Abortion in the later stages of pregnancy is the clinical manifestation of PRRS virus infection that causes most concern to farmers. Although aborted material is sent to the lab in an attempt to detect the virus, the result is often frustrating.
Even though much research has been done, the pathogenesis of intrauterine PRRS virus infection remains largely unknown. Results from recent studies and judicious observation of the aborted material, however, can help to increase the success rate in detecting the PRRSV in the laboratory.
Determining the cause of late abortions in sows is a challenge, as they may be infectious or not depending largely on herd management, the overall health status, the region where the farm is located, the specific prevention measures against abortogenic pathogens, etc. Pregnancy itself is a risk status for the sow; if they are subjected to sudden changes in the environment, abortion can occur spontaneously. If the herd management and housing conditions are adequate, outbreaks of late abortions are usually attributed to an acute PRRS virus infection. In these cases the sample used to confirm the presence of the virus in the laboratory is the aborted material, usually accomplished by the polymerase chain reaction assay (PCR).
Although this is the standard procedure for PRRS virus identification in clinical material coming from abortion, a high proportion of PCR-negative results are the most common outcome from the diagnostic laboratory, as was reported in a large-scale study in Germany. The German3 researchers analyzed not only fetuses, but also samples collected from the affected sows. However, infection with the PRRS virus was confirmed in only 8.6% of the samples. These results contrast sharply with those reported from a similar field investigation of late-term abortions in sows in Thailand4, with up to 65.6% of the samples being PCR-positive. Taking into consideration the differences in the development of the pig industry in the two countries, in particular the difference in the rate of vaccination against PRRS, which is much higher in Germany, it seems plausible that the characteristics of the farm and overall health management greatly influence the success of PRRS virus detection in this kind of sample.
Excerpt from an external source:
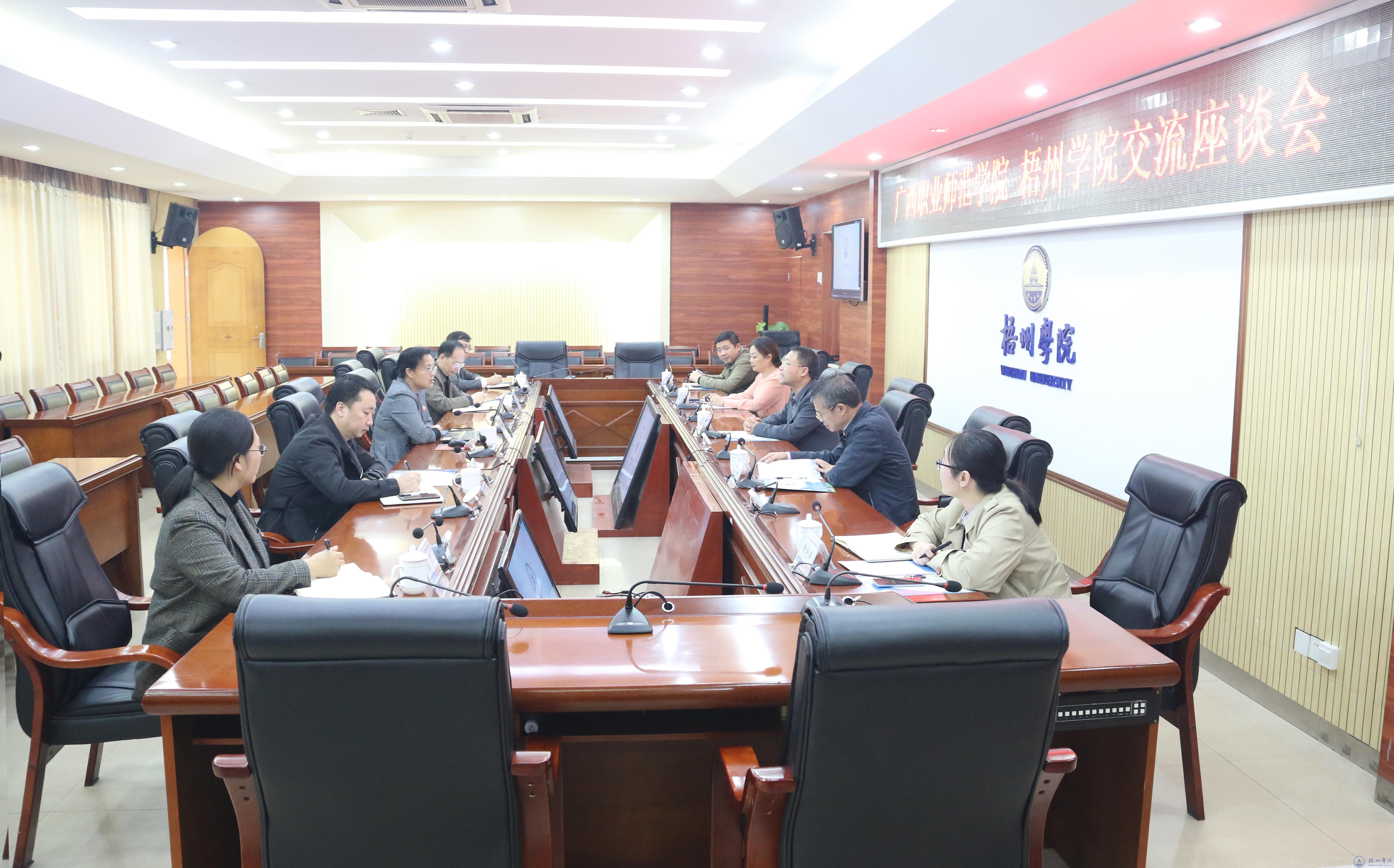 在明理楼八楼第一会议室召开的座谈会上,韦仕珍介绍了我校办学主要情况以及学校未来发展主要目标任务等情况。她表示近年来学校发展势头向好,在课程建设、学科专业发展等方面取得不错的成绩,希望双方加强沟通与交流,合作共赢,共谋发展。周鸿认为我校在建设管理方面的经验值得借鉴,希望两校能在管理体系和治理能力等方面互学互鉴,共同推进两校发展建设步伐。双方围绕学校管理体系、教育教学管理、职称评审、人才培养等工作展开进一步交流和探讨。

The selection of samples to confirm the presence of the PRRS virus in cases of abortion may also influence the outcome of the PCR, as can be deduced from the accumulated scientific evidence on the distribution of the PRRS virus in maternal and fetal tissues in cases of transplacental infection. A recent study1 suggests that meconium-stained fetuses, along with those decomposed but not autolytic, are the best samples for detection of the PRRS virus in the thymus, lungs and serum of fetuses using PCR. The results further indicate that fetuses in advanced autolysis and those of normal appearance are usually negative in the PCR, and therefore should not be used for diagnosis. Meconium staining was the most consistent gross abnormality observed in fetuses infected with the PRRS virus in another study2, suggesting that this is a reliable indicator of intrauterine infection.
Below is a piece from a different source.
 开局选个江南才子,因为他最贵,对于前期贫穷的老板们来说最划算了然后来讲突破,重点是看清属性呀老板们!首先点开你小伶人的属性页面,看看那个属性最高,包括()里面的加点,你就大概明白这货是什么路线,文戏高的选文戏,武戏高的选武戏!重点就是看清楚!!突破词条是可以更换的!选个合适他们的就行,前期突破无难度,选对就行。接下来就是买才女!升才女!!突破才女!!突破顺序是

Because aborted fetuses are by definition autolytic samples, since death occurs hours or days before they are delivered, it is likely that the autolysis has a negative impact on the PCR as a consequence of viral RNA degradation. However, there is little information about the stability of RNA virus in samples of pig origin in advanced autolysis. A recent study5 revealed an average half-life of viral RNA in pig tissues stored at room temperature for up to 21 days, ranging from 0.95 to 2.55 days. This indicates that there is a very short timeframe between detection of abortion on the farm, and sample submission for PCR analysis in the laboratory.
All in all, demonstration of PRRS virus infection in late-term aborted fetuses can be improved by sampling both meconium-stained and decomposed (non-autolytic) fetuses, umbilical cord and placenta on the farm. Sampling should be performed as soon as the abortion occurs, and should be delivered under refrigeration by express transport, when possible.
1. Ladinig A., et al., 2014. Variation in Fetal Outcome, Viral Load and ORF5 Sequence Mutations in a Large Scale Study of Phenotypic Responses to Late Gestation Exposure to Type 2 Porcine Reproductive and Respiratory Syndrome Virus. PLoS ONE, 9(4), e96104.
2. Lager K. M. and Halbur P.G., 1998. Gross and microscopic lesions in porcine fetuses infected with porcine reproductive and respiratory syndrome virus. J Vet Diagn Invest. 8(3):275-82.
3.Nathues H., et al., 2011. Infectious agent detection in reproductive disorders in swine herds. Retrospective evaluation of diagnostic laboratory examinations. Tierarztl Prax Ausg G Grosstiere Nutztiere. 39(3):155-61.
4.Olanratmanee E., et al., 2015. Prevalence of porcine reproductive and respiratory syndrome virus detection in aborted fetuses, mummified fetuses and stillborn piglets using quantitative polymerase chain reaction. J. Vet. Med. Sci. 77(9): 1071–1077.
5. Weesendorp, et al., 2008. The effect of tissue degradation on detection of infectious virus and viralRNAto diagnose classical swine fever virus, Vet Microbiol. 2009.09.028.